EXERCISE DIRECTIONS
Set down all of the data exactly. Pictures stay out of the copy.

RECORDED INFORMATION
----------

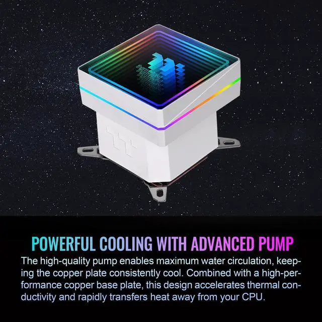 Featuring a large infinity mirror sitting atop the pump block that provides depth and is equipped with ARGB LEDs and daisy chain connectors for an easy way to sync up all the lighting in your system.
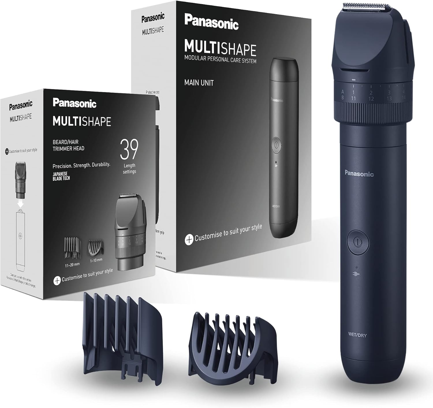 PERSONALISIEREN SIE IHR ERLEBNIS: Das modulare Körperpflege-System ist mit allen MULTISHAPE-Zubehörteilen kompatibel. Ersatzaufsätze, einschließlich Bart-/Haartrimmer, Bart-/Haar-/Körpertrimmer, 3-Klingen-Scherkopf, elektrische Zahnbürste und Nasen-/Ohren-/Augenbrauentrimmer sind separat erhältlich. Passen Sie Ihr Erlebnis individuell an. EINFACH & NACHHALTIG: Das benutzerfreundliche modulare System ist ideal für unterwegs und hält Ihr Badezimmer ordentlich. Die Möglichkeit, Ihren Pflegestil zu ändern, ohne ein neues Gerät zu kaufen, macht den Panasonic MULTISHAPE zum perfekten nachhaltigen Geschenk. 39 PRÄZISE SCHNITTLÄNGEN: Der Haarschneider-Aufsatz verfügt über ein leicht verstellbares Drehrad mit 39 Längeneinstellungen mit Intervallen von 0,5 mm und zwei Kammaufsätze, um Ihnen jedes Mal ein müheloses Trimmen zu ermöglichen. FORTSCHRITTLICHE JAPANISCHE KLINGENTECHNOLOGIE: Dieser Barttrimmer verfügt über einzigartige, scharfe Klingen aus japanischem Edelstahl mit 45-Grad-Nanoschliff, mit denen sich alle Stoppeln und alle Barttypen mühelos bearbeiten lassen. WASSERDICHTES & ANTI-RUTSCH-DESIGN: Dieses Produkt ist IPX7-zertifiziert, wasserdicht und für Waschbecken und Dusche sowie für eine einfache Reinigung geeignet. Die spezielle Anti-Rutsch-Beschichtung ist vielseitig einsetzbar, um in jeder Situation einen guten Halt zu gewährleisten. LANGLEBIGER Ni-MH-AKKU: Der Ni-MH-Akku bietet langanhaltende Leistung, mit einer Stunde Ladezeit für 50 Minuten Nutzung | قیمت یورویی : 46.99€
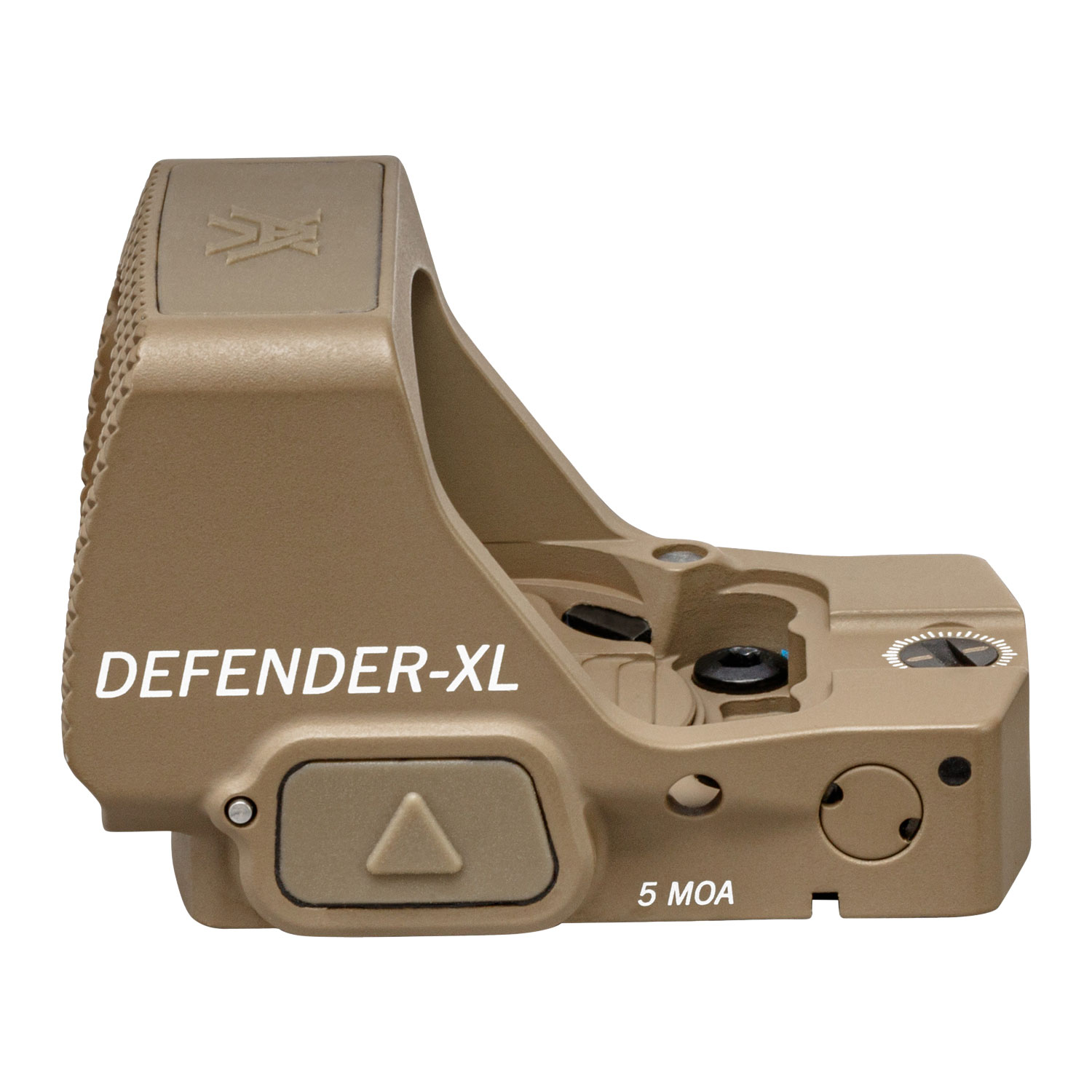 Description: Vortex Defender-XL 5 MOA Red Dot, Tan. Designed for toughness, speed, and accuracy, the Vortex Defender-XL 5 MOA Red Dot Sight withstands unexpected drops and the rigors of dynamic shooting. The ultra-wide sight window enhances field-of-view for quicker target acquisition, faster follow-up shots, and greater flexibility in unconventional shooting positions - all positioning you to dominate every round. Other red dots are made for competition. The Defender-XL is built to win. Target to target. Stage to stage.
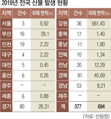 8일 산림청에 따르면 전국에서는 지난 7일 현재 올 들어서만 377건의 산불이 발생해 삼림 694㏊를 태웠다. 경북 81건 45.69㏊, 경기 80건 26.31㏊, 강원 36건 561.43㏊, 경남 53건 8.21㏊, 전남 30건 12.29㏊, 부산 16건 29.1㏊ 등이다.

----------

TASK RESPONSE
 Featuring a large infinity mirror sitting atop the pump block that provides depth and is equipped with ARGB LEDs and daisy chain connectors for an easy way to sync up all the lighting in your system.
 PERSONALISIEREN SIE IHR ERLEBNIS: Das modulare Körperpflege-System ist mit allen MULTISHAPE-Zubehörteilen kompatibel. Ersatzaufsätze, einschließlich Bart-/Haartrimmer, Bart-/Haar-/Körpertrimmer, 3-Klingen-Scherkopf, elektrische Zahnbürste und Nasen-/Ohren-/Augenbrauentrimmer sind separat erhältlich. Passen Sie Ihr Erlebnis individuell an. EINFACH & NACHHALTIG: Das benutzerfreundliche modulare System ist ideal für unterwegs und hält Ihr Badezimmer ordentlich. Die Möglichkeit, Ihren Pflegestil zu ändern, ohne ein neues Gerät zu kaufen, macht den Panasonic MULTISHAPE zum perfekten nachhaltigen Geschenk. 39 PRÄZISE SCHNITTLÄNGEN: Der Haarschneider-Aufsatz verfügt über ein leicht verstellbares Drehrad mit 39 Längeneinstellungen mit Intervallen von 0,5 mm und zwei Kammaufsätze, um Ihnen jedes Mal ein müheloses Trimmen zu ermöglichen. FORTSCHRITTLICHE JAPANISCHE KLINGENTECHNOLOGIE: Dieser Barttrimmer verfügt über einzigartige, scharfe Klingen aus japanischem Edelstahl mit 45-Grad-Nanoschliff, mit denen sich alle Stoppeln und alle Barttypen mühelos bearbeiten lassen. WASSERDICHTES & ANTI-RUTSCH-DESIGN: Dieses Produkt ist IPX7-zertifiziert, wasserdicht und für Waschbecken und Dusche sowie für eine einfache Reinigung geeignet. Die spezielle Anti-Rutsch-Beschichtung ist vielseitig einsetzbar, um in jeder Situation einen guten Halt zu gewährleisten. LANGLEBIGER Ni-MH-AKKU: Der Ni-MH-Akku bietet langanhaltende Leistung, mit einer Stunde Ladezeit für 50 Minuten Nutzung | قیمت یورویی : 46.99€
 Description: Vortex Defender-XL 5 MOA Red Dot, Tan. Designed for toughness, speed, and accuracy, the Vortex Defender-XL 5 MOA Red Dot Sight withstands unexpected drops and the rigors of dynamic shooting. The ultra-wide sight window enhances field-of-view for quicker target acquisition, faster follow-up shots, and greater flexibility in unconventional shooting positions - all positioning you to dominate every round. Other red dots are made for competition. The Defender-XL is built to win. Target to target. Stage to stage.
 8일 산림청에 따르면 전국에서는 지난 7일 현재 올 들어서만 377건의 산불이 발생해 삼림 694㏊를 태웠다. 경북 81건 45.69㏊, 경기 80건 26.31㏊, 강원 36건 561.43㏊, 경남 53건 8.21㏊, 전남 30건 12.29㏊, 부산 16건 29.1㏊ 등이다.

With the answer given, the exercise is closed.